A look back at the relationship between electricity and the brain on the 100th anniversary of the first human EEG recording.

by Peter J. Koehler

This year marks the centennial of the first registration of a human electroencephalogram (EEG). Why is it that just a few hundred years ago physicians were still thinking in terms of animal spirits (spiritus animalis) flowing through cerebral ventricles and hollow nerves, when today we can create brain-computer interfaces to help disabled persons control their wheelchairs?1

Figure 2. Ventricular or cell doctrine from the 1508 edition of Gregor Reisch’s Margarita philosophica.
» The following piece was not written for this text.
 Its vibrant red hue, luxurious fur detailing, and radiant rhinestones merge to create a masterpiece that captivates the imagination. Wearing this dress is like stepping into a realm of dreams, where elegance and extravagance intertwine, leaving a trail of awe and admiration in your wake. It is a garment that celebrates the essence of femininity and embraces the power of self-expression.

“Neurophysiology” Before the 18th Century

The doctrine of pneuma (spiritus in Latin, a very fine and volatile material principle of life) states that natural spirits (spiritus naturalis) arise in the liver, according to the physiology of Galen (129-c.199). These are converted into vital spirits (spiritus vitalis) after passing through tiny pores between the right and left parts of the heart. After passing through the rete mirabele — a vascular plexus of blood vessels at the base of the brain surrounding the pituitary gland that is present in mammals, but not in humans — they become animal spirits (spiritus animalis),2 flowing through the brain cavities and nerves. (See Figure 1.) Greco-Roman medicine, with the even older humoral pathophysiology in addition to this pneuma doctrine, was influential for many centuries.

Figure 3. Cornelis Stalpart van der Wiel contested the localization of the soul in the pineal gland.
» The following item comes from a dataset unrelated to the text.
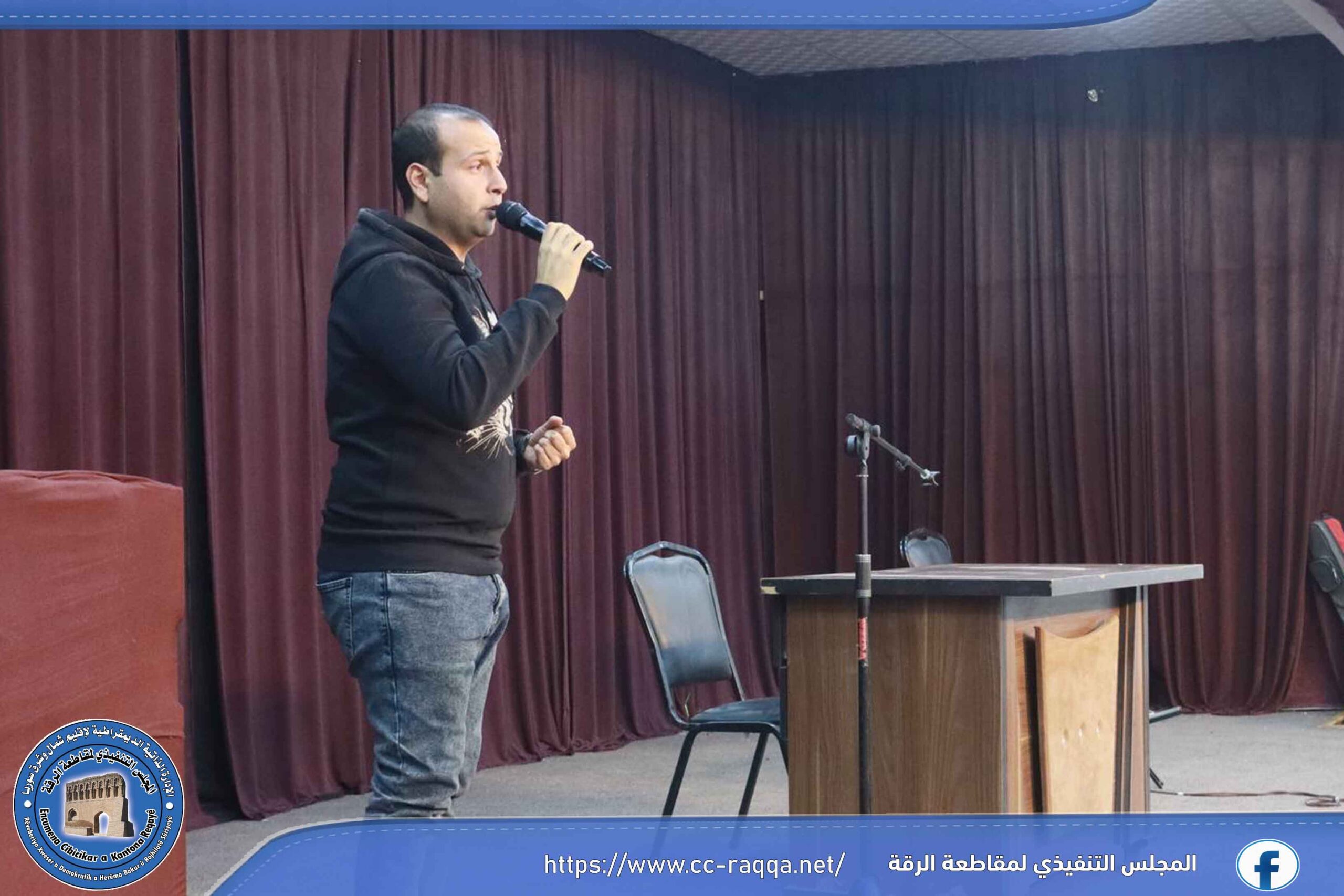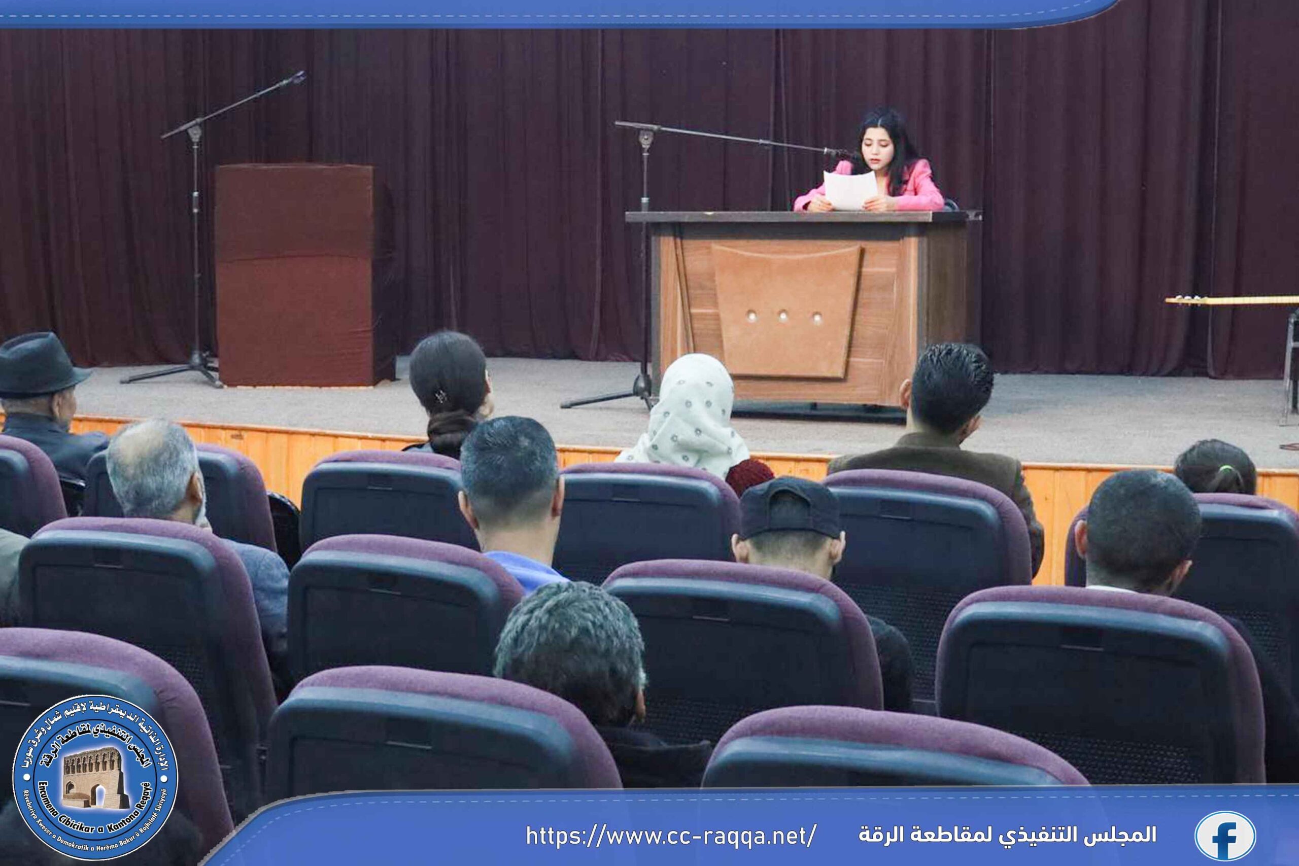 نظمت هيئة الثقافة والآثار في مقاطعة الرقة أمس 29 تشرين الأول، أمسية أدبية في قاعة المسرح بمركز الرقة للثقافة والفنون، بمشاركة الكاتبة “سوسن خليل” والشاعر “سعيد السراج” والشاعر “عمر الصران”، وبحضور عدد من الشعراء والأدباء والفنانين والمثقفين.

In the Middle Ages, the material part of the soul was still localized in the brain cavities — a system also known as ventricular or cell doctrine. It was assumed that in the first cell — our first and second ventricles — the information from the senses comes together
(Figure 2; sensorium commune). This is also where fantasy and imagination reside. In the second cell (today’s third ventricle), thinking and judgment were localized, and in the third cell memories were stored. The spiritus animalis could reach the muscles through nerves, which were assumed to be hollow.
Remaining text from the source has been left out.